The pre-1914 Pernod Fils company only used grape spirits as a base for their absinthe, and advertised this fact expressly in their marketing literature. It was one of the key points distinguishing high-end absinthes like theirs from cheaper alternatives.

In 1900, in the fevered atmosphere of the the Dreyfus Affair, an overtly anti-semitic booklet attacking the company and the Veil-Picard brothers who owned it (originally Jewish bankers from Besencon) was published under the title La Verite sur la Maison Pernod Fils. This alleged that Pernod Fils in fact covertly substituted much cheaper grain alcohol for the claimed wine alcohol. There's not a shred of evidence though that this claim was anything more than an anti-semitic slur, and I've never seen it repeated anywhere else, even in the anti-Dreyfusard press like Libre Parole (which did however rejoice when the factory burned down in 1901).

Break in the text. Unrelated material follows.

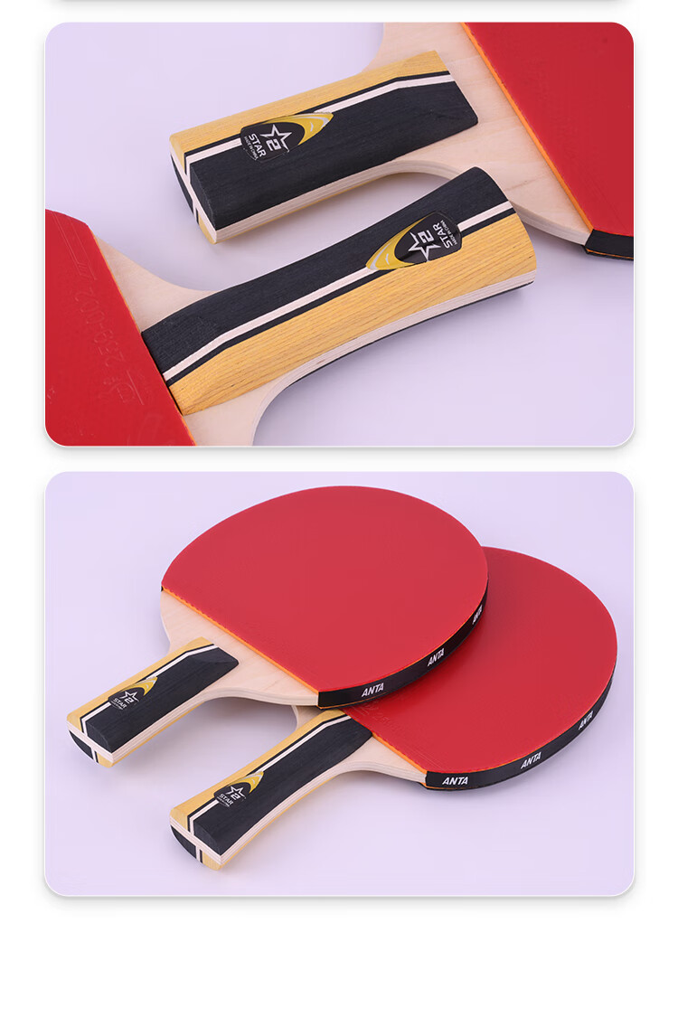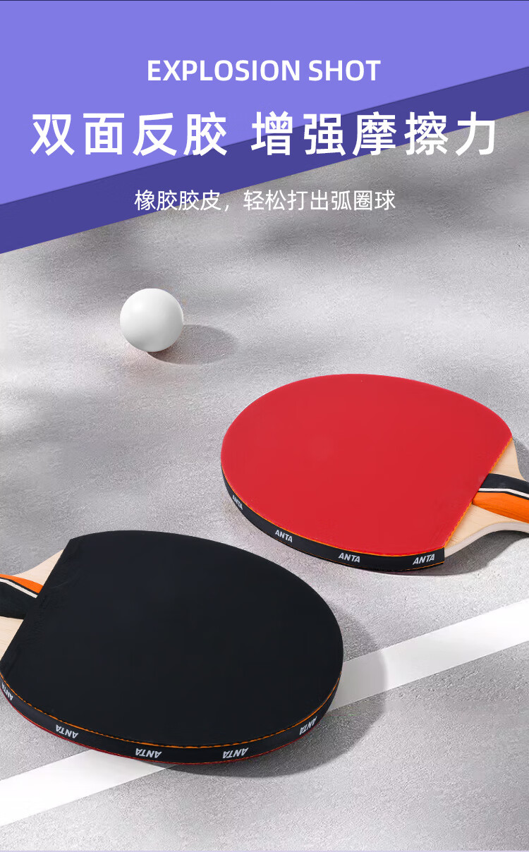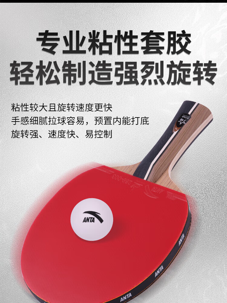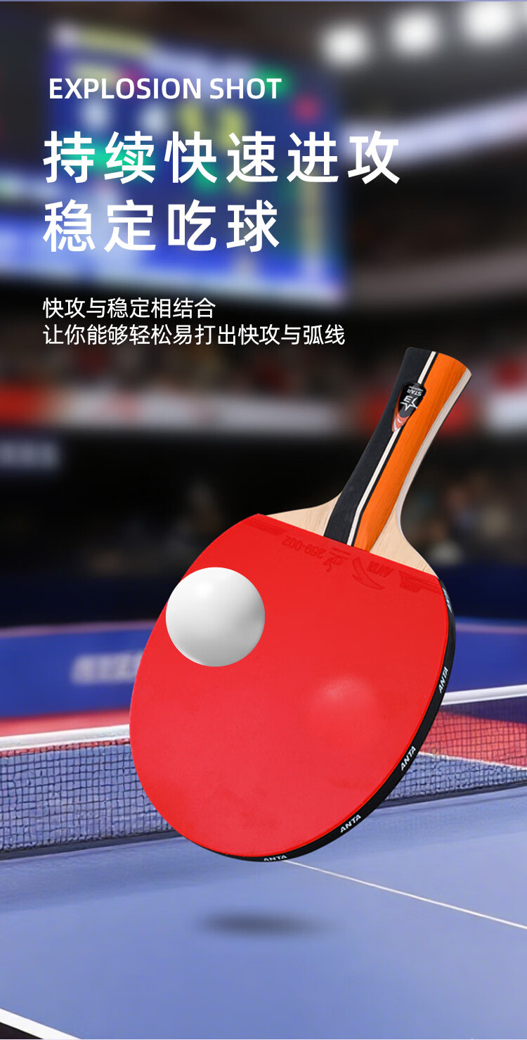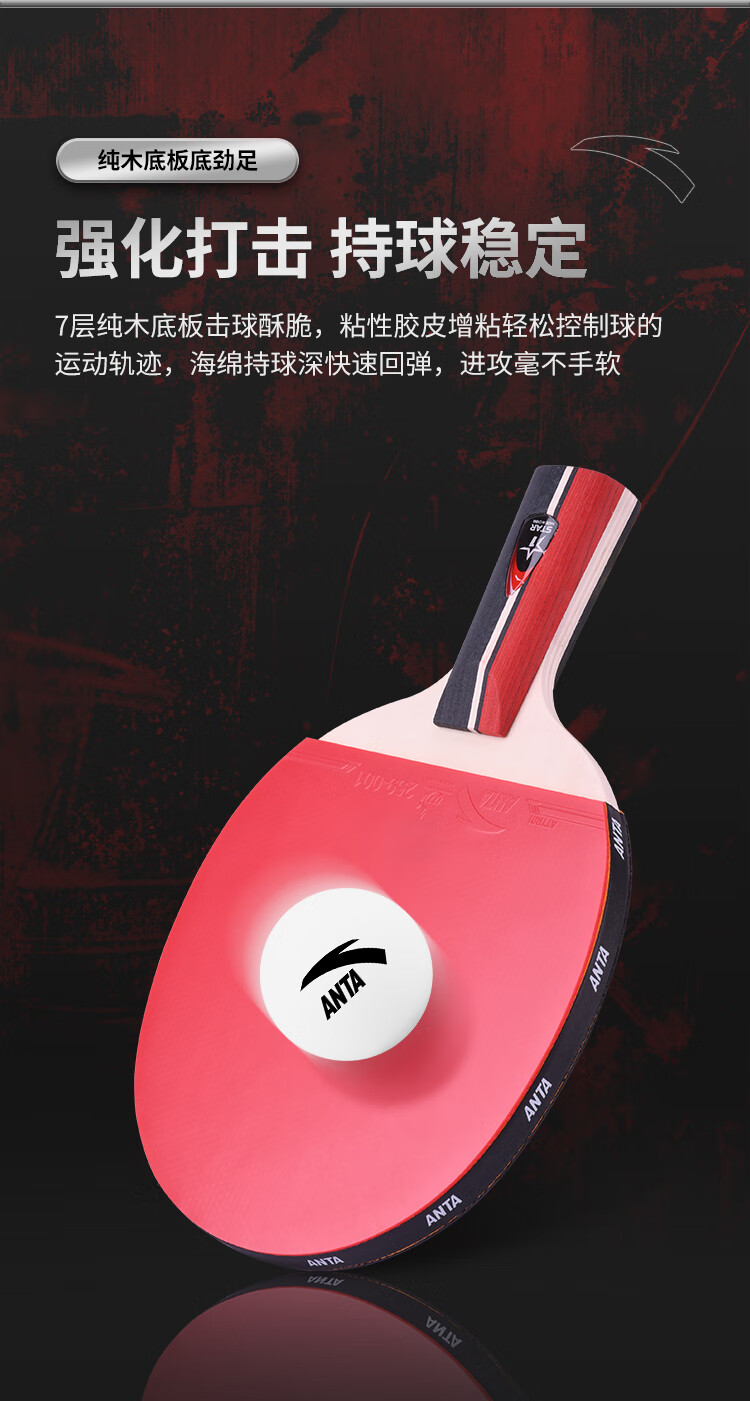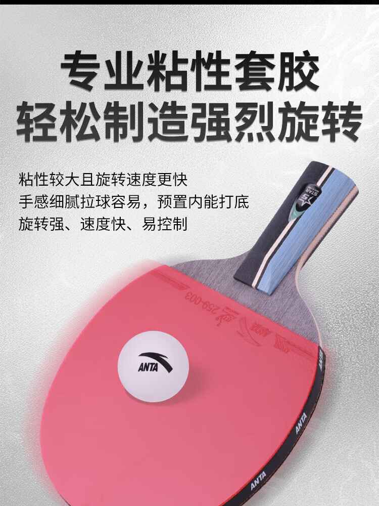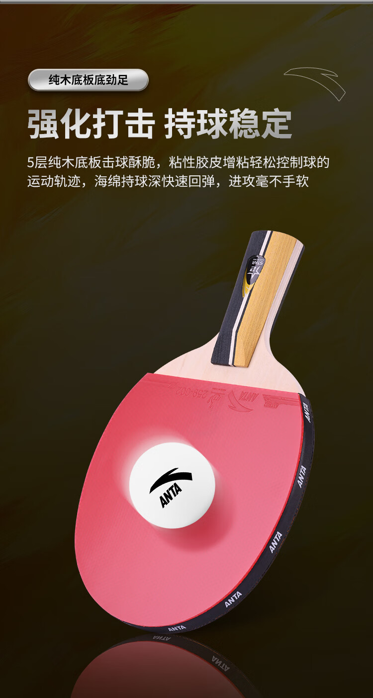 ANTA安踏乒乓球拍儿童小学生新手一星二星三星横拍直拍训练娱乐单拍 2星 直拍 送6只训练乒乓球

The modern Pernod company is not the same entity as the original Maison Pernod Fils, nor strictly speaking even its corporate successor. The Ricard pastis company bought all the Pernod Fils trademarks in the 1930's, forming the corporation now known as Pernod Ricard. The reference you read referred to the original, very low quality early 2000's Pernod absinthe, which used beet alcohol. They moved to grape spirits with the release of the improved Mk II product in 2013.


Wow Oxy this is truly fascinating! And thanks for Clarifying and Thank you for sharing. Is it online anywhere? So the owners were Jewish? The Pernod family was not Im guessing?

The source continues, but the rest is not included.